How is this actually different from RecurPost or a RecurPost alternative?

RecurPost and every tool on its listicles schedules content you wrote. The unit is the post in the library, and the product's job is to rotate it onto the calendar. S4L's unit is the reply to somebody else's thread. Before writing each new reply it runs SCORE_SQL over the last month of posts in a Neon Postgres table and feeds the top performers plus the annotated failures to Claude as system context. A scheduler does not need to read its own engagement data because its job is not to decide what to say next; S4L's job is exactly that.

What does the FAILURE REASON annotator actually tag?

annotate_failure() at lines 96-124 applies seven rules to every bottom-quartile post: mentions of product names in PRODUCT_NAMES (fazm, assrt, pieline, cyrano, terminator, mk0r, s4l, vipassana.cool), presence of http:// or https:// or www., phone-call pitch phrases like 'missed call' or 'answering service', macOS-app adjacency phrases like 'accessibility api' or 'mcp server', having three or more question marks, any comment tagged 'curious' with a question mark (the curious_probe style has a negative Reddit average), and raw length under 100 characters. If none match, the reason is stamped as 'likely wrong subreddit or off-topic'. The LLM then reads these labels and the corresponding text as a do-not-copy set.

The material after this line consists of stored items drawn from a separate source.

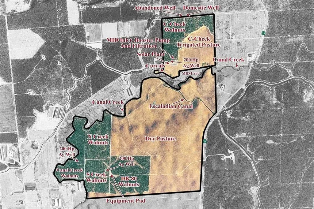 Prime Agricultural Investment Opportunity!! This exceptional 1,002.70-acre ranch features 6 closely aligned, non-contiguous parcels with diverse agricultural potential. The property include 336 acres of productive walnut orchards, primarily Chandler variety with approximately 60 acres of Tulare variety, demonstrating consistent strong yields. In addition, there's 85 acres of irrigated pasture suitable for livestock operations. Furthermore, there's 581.70 acres of gently sloping native pasture, offering expansion and potential. Water Security is 161 acres within the coveted Merced Irrigation District with reliable groundwater supplies. The remaining acreage in the Amsterdam Water District with potential for additional surface water access Additional Assets including the Modest livestock corrals and the leased solar plant. This property presents a rare opportunity to acquire substantial acreage with established permanent crops, reliable water resources, and diverse agricultural potential in a prime California growing region.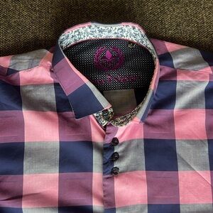 Au Noir Colourful Plaid Men’s Button Down Shirt Purple Punk Navy sz 6 (2XL)
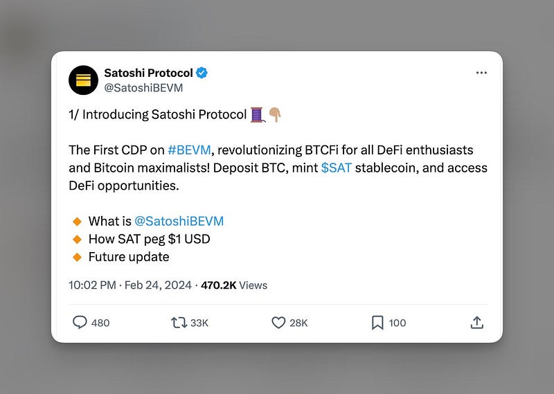 We unveiled ourselves as the first BEVM-based protocol for issuing BTC-backed stablecoins. This paves the way for the introduction of SAT, a stablecoin with the potential to unlock the immense liquidity of Bitcoin (BTC) and become a cornerstone for the burgeoning field of BTCFi.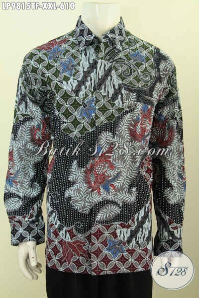 Jual Kemeja Batik Premium, Baju Batik Solo Mewah Full Furing Lengan Panjang Buatan Solo Motif Klasik Tulis Asli Yang Membuat Pria Gemuk Gagah Dan Tampan [LP9815TF-XXL]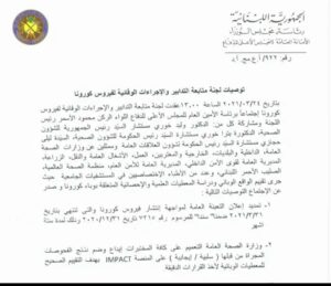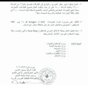 صدر عن لجنة متابعة التدابير والاجراءات الوقائية لفيروس كورونا، التي اجتمعت برئاسة الامين العام للمجلس الاعلى للدفاع اللواء الركن محمود الاسمر بتاريخ 24-3-2021 توصيات جديدة، أبرزها تمديد إعلان التّعبئة العامة لمدة 6 اشهر اضافية.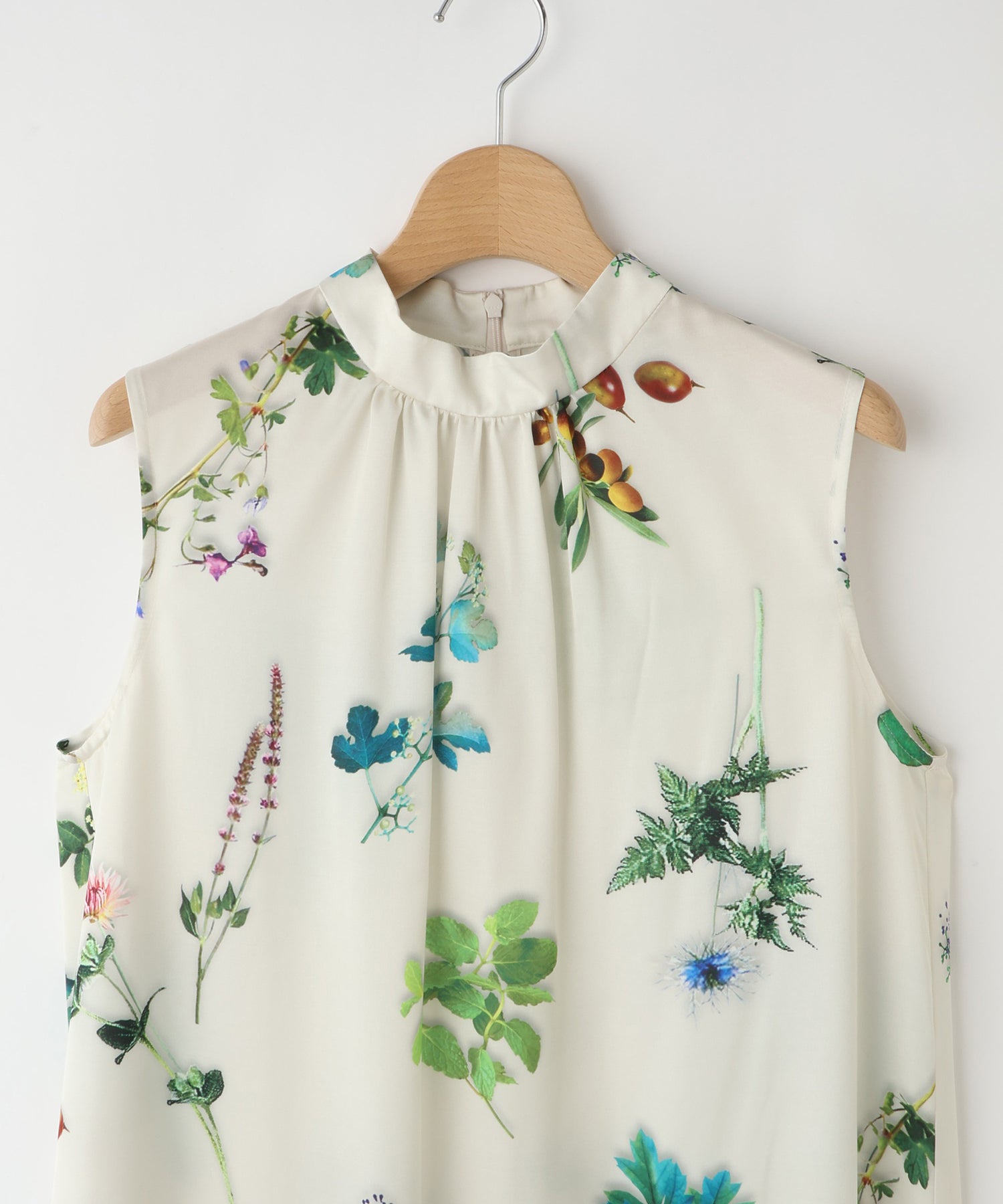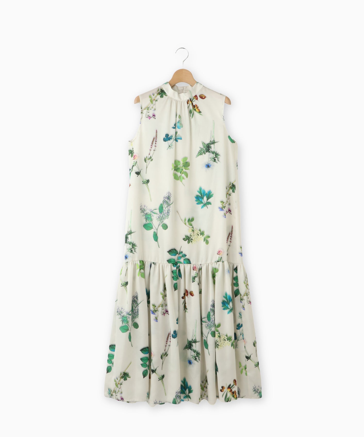 ボタニカルプリントノースリーブワンピース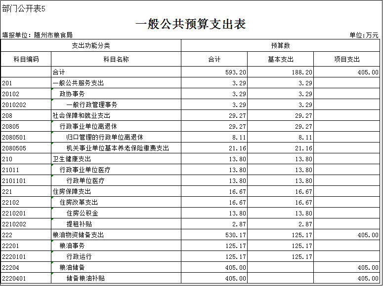 5、糧油物資儲備支出717.04萬元,其中糧油事務312.04萬元,糧油儲備405萬元

Why is the function block marked 'DO NOT REMOVE OR SIMPLIFY'?

Lines 54-59 carry a six-line comment block warning agents not to touch the SCORE_SQL logic or the annotate_failure rules, with the note 'reverted by other agents twice already. Protected by pre-commit hook. See CLAUDE.md.' Multiple agents, including earlier Claude sessions, have tried to simplify the composite score back to raw upvotes or rewrite annotate_failure to be less opinionated. The pre-commit hook now blocks the diff when those specific lines change. The warning comment is the in-band explanation for the hook.

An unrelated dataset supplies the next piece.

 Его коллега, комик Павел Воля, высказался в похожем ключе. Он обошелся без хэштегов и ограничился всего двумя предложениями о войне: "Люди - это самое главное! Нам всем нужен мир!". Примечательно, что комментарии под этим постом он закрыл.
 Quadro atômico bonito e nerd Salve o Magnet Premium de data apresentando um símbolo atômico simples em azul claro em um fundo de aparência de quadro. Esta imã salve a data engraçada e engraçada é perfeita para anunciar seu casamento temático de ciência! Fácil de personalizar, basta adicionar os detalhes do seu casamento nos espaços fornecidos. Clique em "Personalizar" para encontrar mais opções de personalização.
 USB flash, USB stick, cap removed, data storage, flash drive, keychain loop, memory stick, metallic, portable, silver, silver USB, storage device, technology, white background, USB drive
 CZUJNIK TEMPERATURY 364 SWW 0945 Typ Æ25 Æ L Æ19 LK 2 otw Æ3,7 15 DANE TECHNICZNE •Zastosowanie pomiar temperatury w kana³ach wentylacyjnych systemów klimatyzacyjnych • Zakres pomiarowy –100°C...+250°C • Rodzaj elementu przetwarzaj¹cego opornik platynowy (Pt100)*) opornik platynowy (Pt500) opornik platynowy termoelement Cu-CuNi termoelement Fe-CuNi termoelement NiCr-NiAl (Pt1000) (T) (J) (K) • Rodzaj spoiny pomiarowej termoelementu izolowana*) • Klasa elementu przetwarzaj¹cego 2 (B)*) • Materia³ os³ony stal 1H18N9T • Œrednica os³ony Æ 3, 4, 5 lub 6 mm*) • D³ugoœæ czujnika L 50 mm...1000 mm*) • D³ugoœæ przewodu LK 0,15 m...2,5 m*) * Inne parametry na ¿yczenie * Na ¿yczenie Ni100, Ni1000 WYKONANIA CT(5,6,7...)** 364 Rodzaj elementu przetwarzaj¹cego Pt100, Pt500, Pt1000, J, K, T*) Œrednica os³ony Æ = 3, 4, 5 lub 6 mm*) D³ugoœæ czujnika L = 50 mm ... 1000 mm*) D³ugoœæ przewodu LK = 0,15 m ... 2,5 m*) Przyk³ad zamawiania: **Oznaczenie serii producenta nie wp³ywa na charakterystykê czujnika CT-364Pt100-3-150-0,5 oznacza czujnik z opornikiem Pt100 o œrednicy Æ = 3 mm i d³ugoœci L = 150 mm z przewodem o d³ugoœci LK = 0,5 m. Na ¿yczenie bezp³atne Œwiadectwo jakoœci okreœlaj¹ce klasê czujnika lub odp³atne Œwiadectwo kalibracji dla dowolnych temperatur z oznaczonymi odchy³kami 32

Does the feedback loop actually reach the draft, or does it just sit in a log?

It reaches the draft. Each per-platform shell wrapper (skill/run-reddit-search.sh, skill/run-twitter-cycle.sh, skill/run-linkedin.sh) calls top_performers.py and interpolates the result into the prompt that launches a child `claude -p --strict-mcp-config --mcp-config <platform>-agent-mcp.json` process. The child sees the feedback report, the style tier report, and the llms.txt of the target product in its initial context. The Playwright MCP browser does not even start until after that prompt is assembled.

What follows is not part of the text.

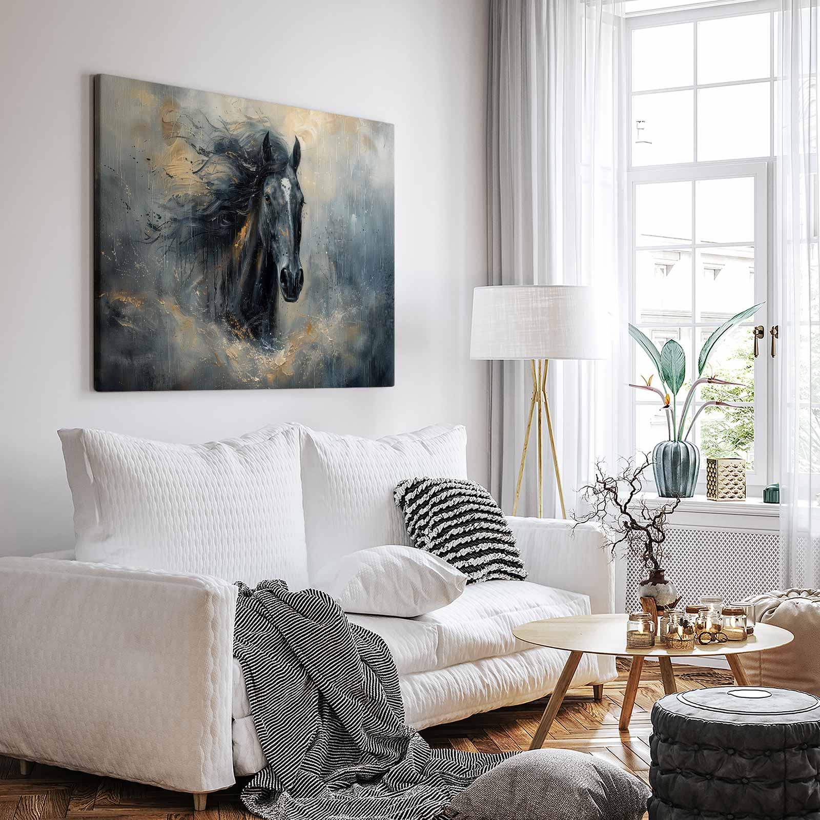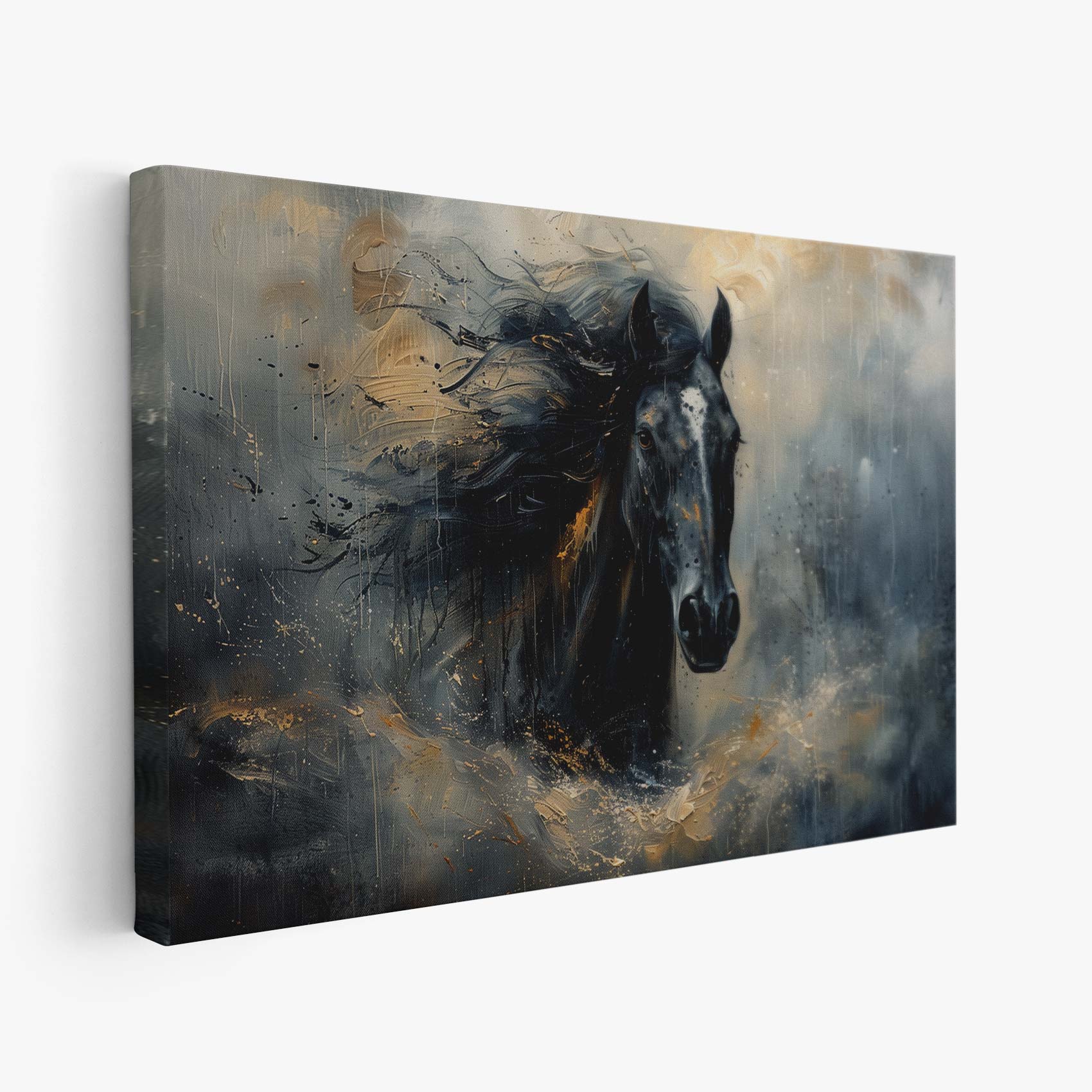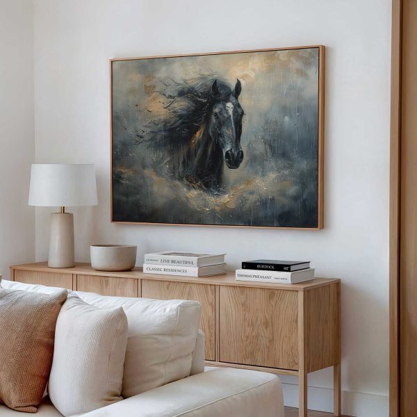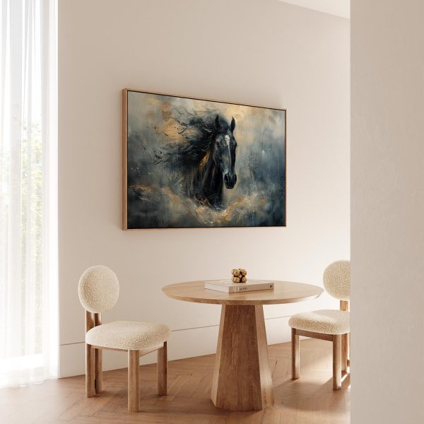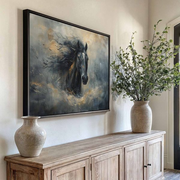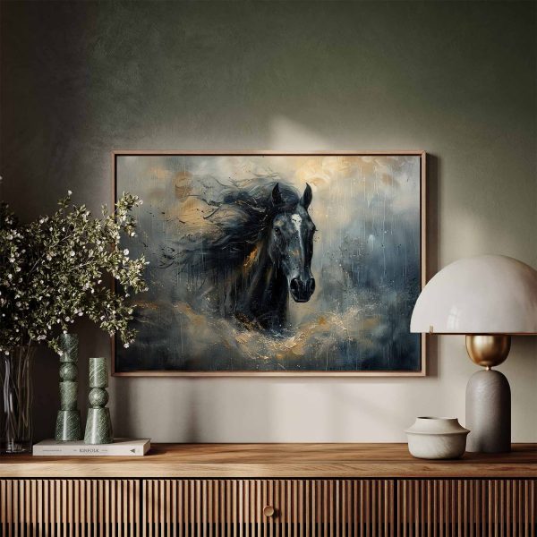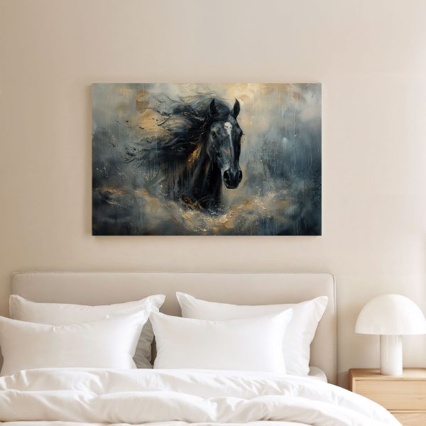 Zwarte paard in beweging

Can I use this with a tool from a RecurPost alternatives list like Buffer, Later, or Sprout Social?

Only as two separate layers. Those tools still solve scheduling: queue an evergreen post, recycle it on a cadence. S4L lives one layer above: for conversational replies, where 'what to say' is the hard part, not 'when to post'. The Postgres posts table and the feedback report do not need Buffer or RecurPost to run; they just need a script that posts and a script that scans engagement 12 hours later and writes it back. The two categories do not compete so much as occupy different rungs of the automation stack.